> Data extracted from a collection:
--
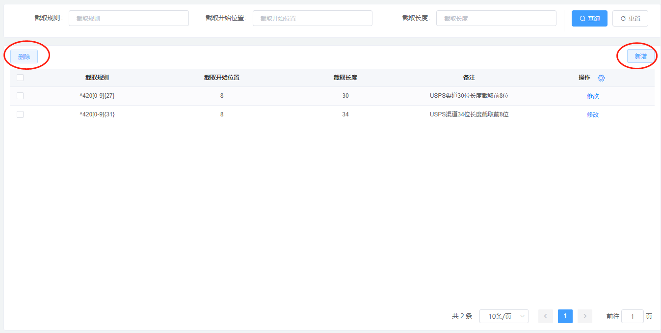 ## 简介:针对特殊隐藏派送做入库扫描截取 1、【模板与规则-运单号截取规则】,点击【新增】按钮,填入截取规则,截取开始位置、截取长度、备注,点击【确定】后保存该信息,可删除 ==注:可联系系统方客服提供技术支持==
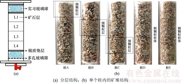 为探究矿石筑堆过程中矿石颗粒偏析现象,即:矿堆中存在细粒矿石夹层,粗、细矿石颗粒的分层现象等。在各实验柱内进行分层筑堆,设置无矿石分层单一粒径筑堆的对照组,各实验柱的分层结构及各柱体筑堆后的实物,如图1所示。
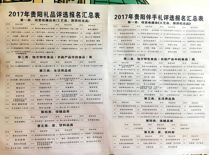 据了解,自2017贵阳市“物爽贵阳”——贵阳伴手礼、贵阳礼品评选活动启动以来,组委会共收到来自全市各地报送的旅游商品共计200余件。根据档次、售价、用途等方面不同,分为伴手礼和礼品两个大类,两个大类中再分别细分为观赏收藏类地方特色工艺品、旅游纪念品,地方特色食品(含农副产品中的食品),生活用品,保健品,茶、饮料品共大类。
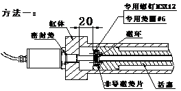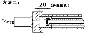 磁尺内置液压缸使用时,其稳定性和精确度直接受到周边磁场环境的影响。若液压缸为导磁材料制造,必须参考图一方法设计,保证磁环与液压缸端面之间保留20mm距离。
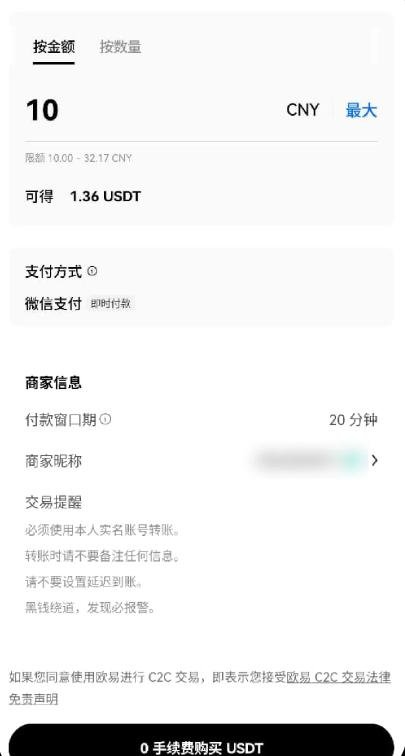2.选择可交易的商家进行购买按金额或者数量填写所需的数字资产注意商家要求的【支付方式】和【支付时长】点击【0手续费购买】订单生成点击【获取付款详情】按照【商家账号】进行支付付款成功后点击【我已支付】点击【确认已转账】商家收到款会进行放币。
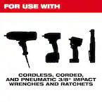 - Optimized for use with 3/8" drive impact wrenches, drivers, ratchets, and adapters
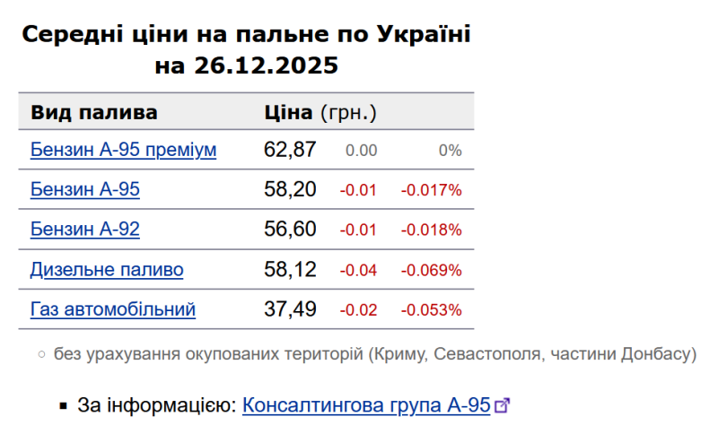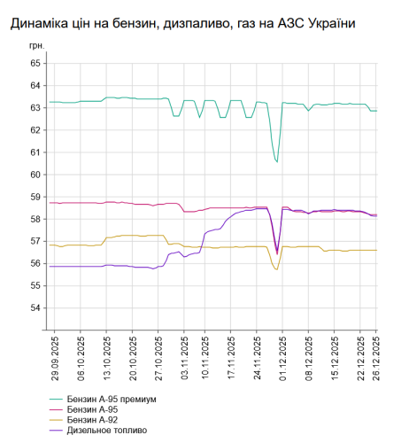 Зокрема, зафіксовано такі середні ціни на пальне: бензин марки А-95 (преміум) – 62,87 грн/л; бензин марки А-95 – 58,2 грн/л (здешевшав на 1 коп.); бензин марки А-92 – 56,6 грн/л (здешевшав на 1 коп.); дизельне пальне – 58,12 грн/л (здешевшало на 4 коп.). Середня ціна автогазу становить 37,49 грн/л, що на 2 коп. менше порівняно із 24 грудня.
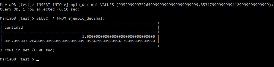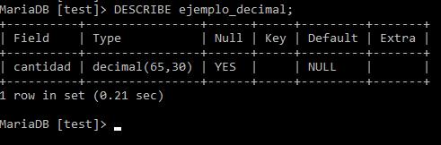 |`DECIMAL(65, 31)`| Error, el máximo para D es 30 |Error, el máximo para D es 30
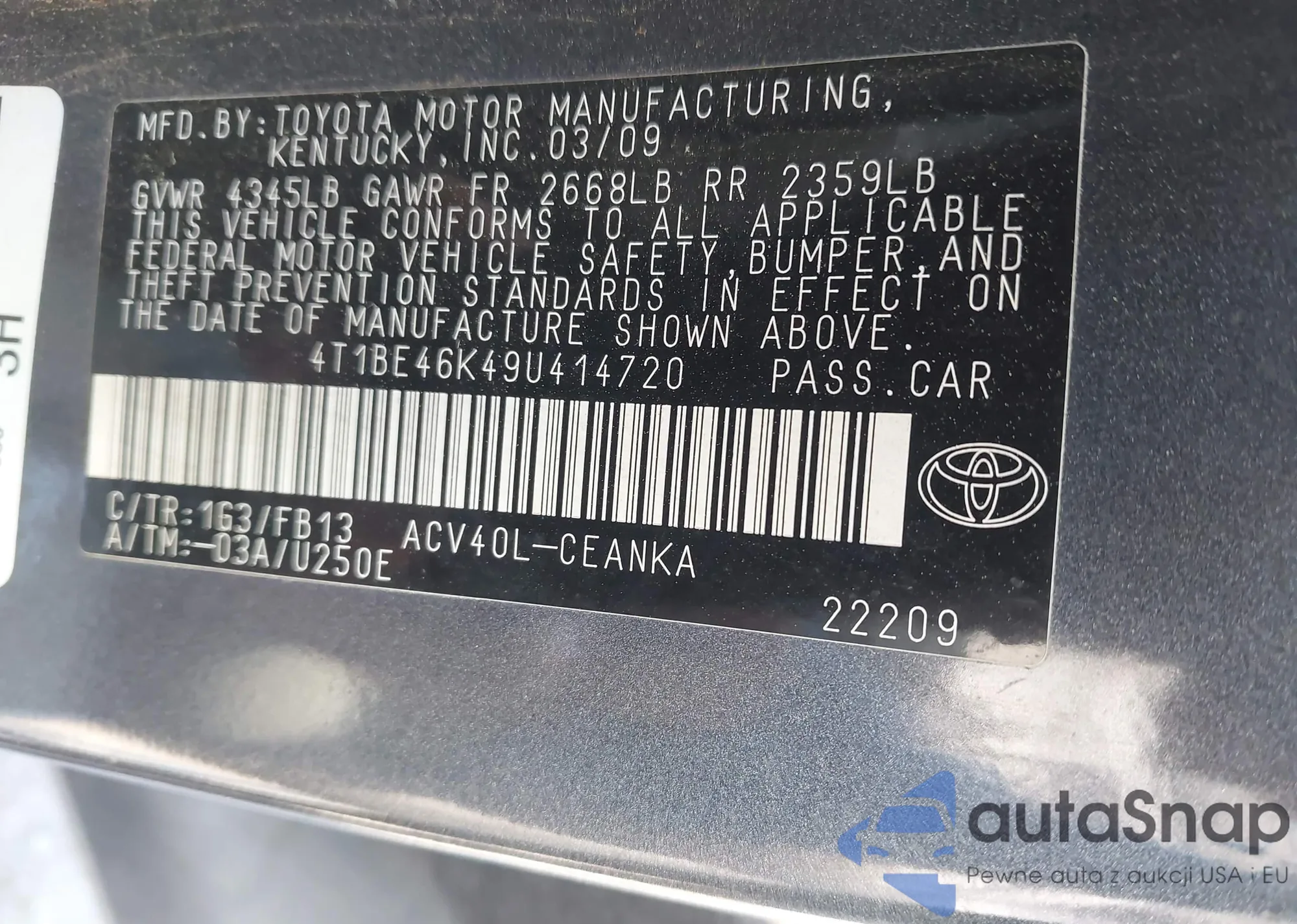 VIN: 4T1BE46K49U414720
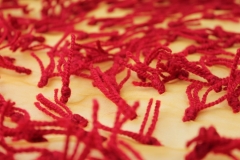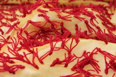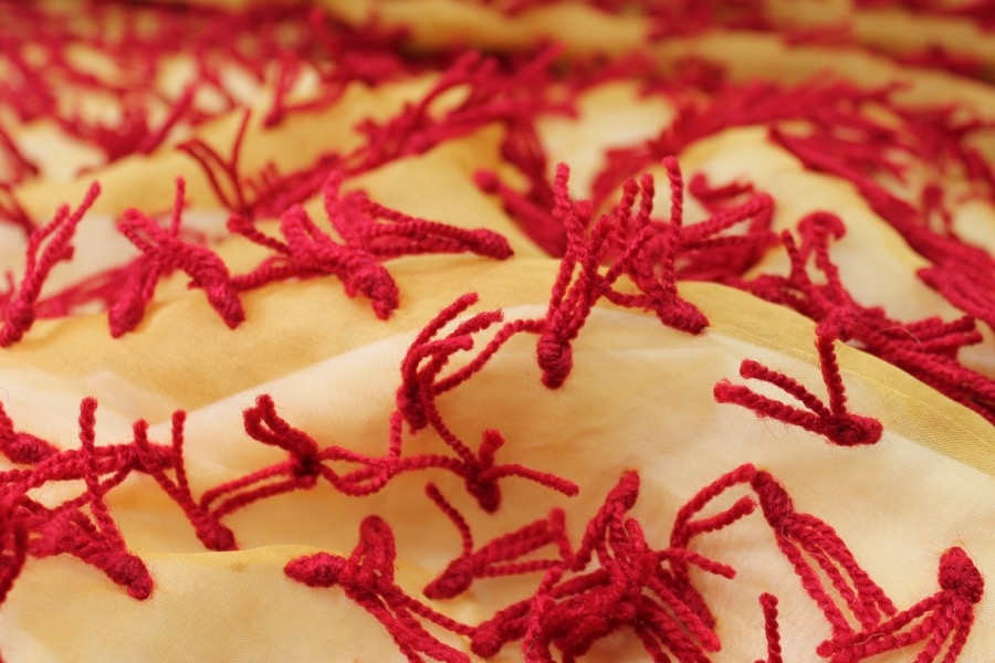 Yarn Tassels on Silk Organza - Red on Yellow
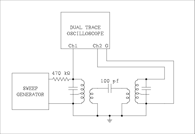 When two resonant circuits that are tuned to the same frequency are coupled together the band pass they produce depends on the amount of coupling. If they are over coupled the response is a double humped curve. If under coupled the insertion loss goes up but the bandwidth gets narrower. Sometimes loss is tolerated to obtain narrow bandwidth. But when the coupling is just right…ah, that is just right. The amount of insertion loss is minimum and the bandwidth has a nice single humped response. It doesn't matter if the method of coupling is magnetic as is used in tube type I F transformers or capacitive as in the transformers shown on this page. For more details on why over coupling produces the double hump follow this link. At the end of that page you will be given a link that will bring you right back here.Making a Test Circuit.
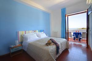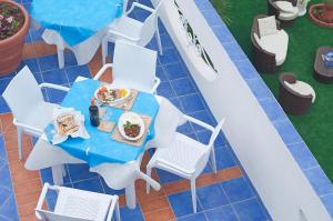 Les chambres sont revêtues de carrelage, climatisées et décorées dans des tons bleus. Elles disposent d'une salle de bains privative, d'une télévision à écran LCD et de grandes fenêtres. Certaines bénéficient d'un balcon avec vue sur la mer.
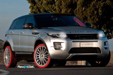 Per la Evoque HFI-R, Marangoni ha realizzato “M-Power EvoRed”, uno speciale set di pneumatici di colore rosso rubino da 20”. In questa versione sperimentale, realizzata appositamente per la Marangoni Evoque HFI-R, sono state utilizzate mescole ad alto contenuto di silice e materiali innovativi che permettono di ridurre al massimo la resistenza al rotolamento e quindi il consumo di carburante.
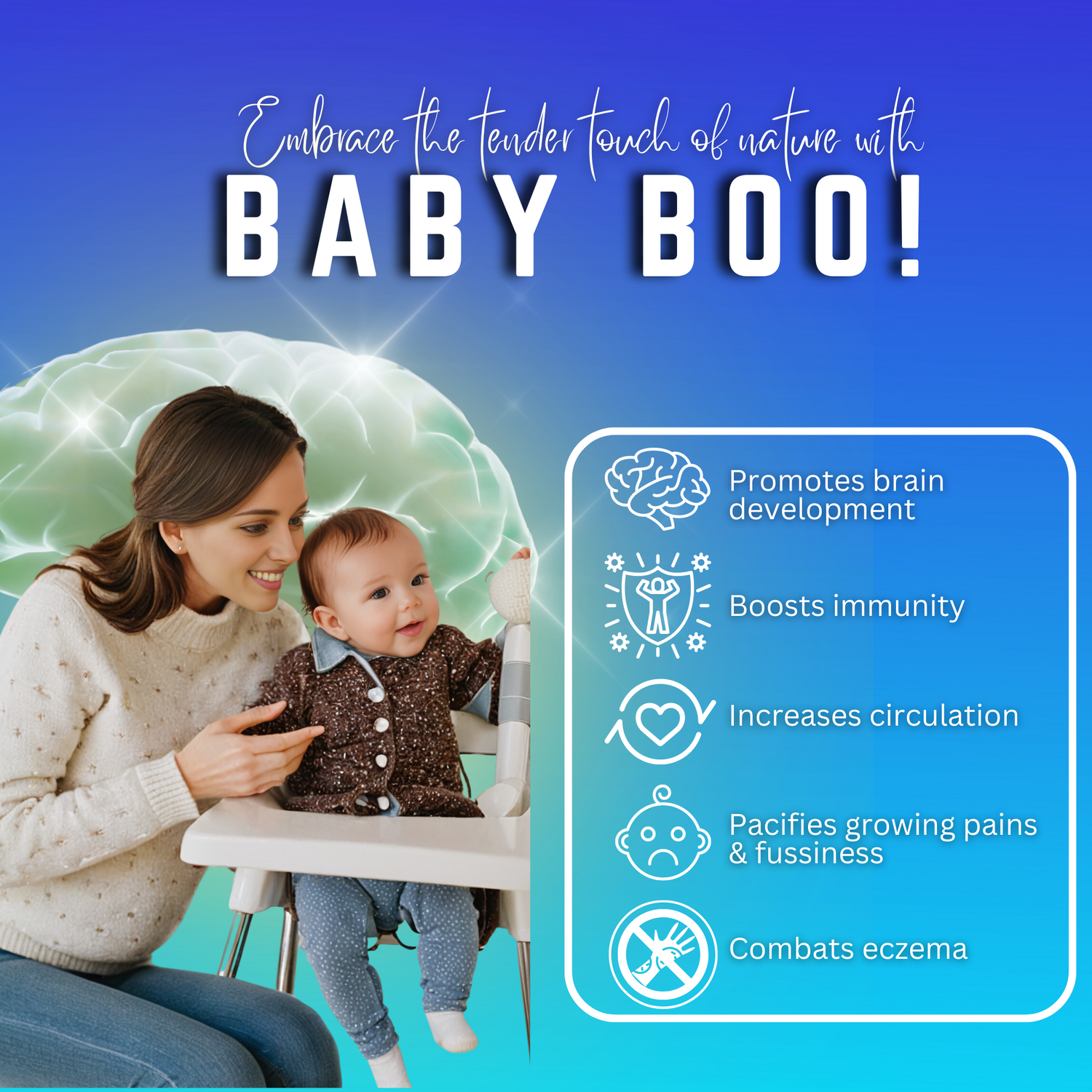 Baby Boo, the ultimate everyday massage oil designed specifically for the tender skin of babies aged 3 months and older. This gentle formula ensures a safe and comforting experience for your little one. Baby Boo boosts immunity, induces sleep, increases circulation, pacifies growing pains and fussiness, relieves flu symptoms, cough, cold, and congestion. Not to mention it soothes eczema too! This blend contains Frankincense, excellent for baby's brain development.
--
> EXERCISE PROMPT:
Please print the records above once more, word for word, omitting all pictures.

> SOLUTION:
 ## 简介:针对特殊隐藏派送做入库扫描截取 1、【模板与规则-运单号截取规则】,点击【新增】按钮,填入截取规则,截取开始位置、截取长度、备注,点击【确定】后保存该信息,可删除 ==注:可联系系统方客服提供技术支持==
 为探究矿石筑堆过程中矿石颗粒偏析现象,即:矿堆中存在细粒矿石夹层,粗、细矿石颗粒的分层现象等。在各实验柱内进行分层筑堆,设置无矿石分层单一粒径筑堆的对照组,各实验柱的分层结构及各柱体筑堆后的实物,如图1所示。
 据了解,自2017贵阳市“物爽贵阳”——贵阳伴手礼、贵阳礼品评选活动启动以来,组委会共收到来自全市各地报送的旅游商品共计200余件。根据档次、售价、用途等方面不同,分为伴手礼和礼品两个大类,两个大类中再分别细分为观赏收藏类地方特色工艺品、旅游纪念品,地方特色食品(含农副产品中的食品),生活用品,保健品,茶、饮料品共大类。
 磁尺内置液压缸使用时,其稳定性和精确度直接受到周边磁场环境的影响。若液压缸为导磁材料制造,必须参考图一方法设计,保证磁环与液压缸端面之间保留20mm距离。
2.选择可交易的商家进行购买按金额或者数量填写所需的数字资产注意商家要求的【支付方式】和【支付时长】点击【0手续费购买】订单生成点击【获取付款详情】按照【商家账号】进行支付付款成功后点击【我已支付】点击【确认已转账】商家收到款会进行放币。
 - Optimized for use with 3/8" drive impact wrenches, drivers, ratchets, and adapters
 Зокрема, зафіксовано такі середні ціни на пальне: бензин марки А-95 (преміум) – 62,87 грн/л; бензин марки А-95 – 58,2 грн/л (здешевшав на 1 коп.); бензин марки А-92 – 56,6 грн/л (здешевшав на 1 коп.); дизельне пальне – 58,12 грн/л (здешевшало на 4 коп.). Середня ціна автогазу становить 37,49 грн/л, що на 2 коп. менше порівняно із 24 грудня.
 |`DECIMAL(65, 31)`| Error, el máximo para D es 30 |Error, el máximo para D es 30
 VIN: 4T1BE46K49U414720
 Yarn Tassels on Silk Organza - Red on Yellow
 When two resonant circuits that are tuned to the same frequency are coupled together the band pass they produce depends on the amount of coupling. If they are over coupled the response is a double humped curve. If under coupled the insertion loss goes up but the bandwidth gets narrower. Sometimes loss is tolerated to obtain narrow bandwidth. But when the coupling is just right…ah, that is just right. The amount of insertion loss is minimum and the bandwidth has a nice single humped response. It doesn't matter if the method of coupling is magnetic as is used in tube type I F transformers or capacitive as in the transformers shown on this page. For more details on why over coupling produces the double hump follow this link. At the end of that page you will be given a link that will bring you right back here.Making a Test Circuit.
 Les chambres sont revêtues de carrelage, climatisées et décorées dans des tons bleus. Elles disposent d'une salle de bains privative, d'une télévision à écran LCD et de grandes fenêtres. Certaines bénéficient d'un balcon avec vue sur la mer.
 Per la Evoque HFI-R, Marangoni ha realizzato “M-Power EvoRed”, uno speciale set di pneumatici di colore rosso rubino da 20”. In questa versione sperimentale, realizzata appositamente per la Marangoni Evoque HFI-R, sono state utilizzate mescole ad alto contenuto di silice e materiali innovativi che permettono di ridurre al massimo la resistenza al rotolamento e quindi il consumo di carburante.
 Baby Boo, the ultimate everyday massage oil designed specifically for the tender skin of babies aged 3 months and older. This gentle formula ensures a safe and comforting experience for your little one. Baby Boo boosts immunity, induces sleep, increases circulation, pacifies growing pains and fussiness, relieves flu symptoms, cough, cold, and congestion. Not to mention it soothes eczema too! This blend contains Frankincense, excellent for baby's brain development.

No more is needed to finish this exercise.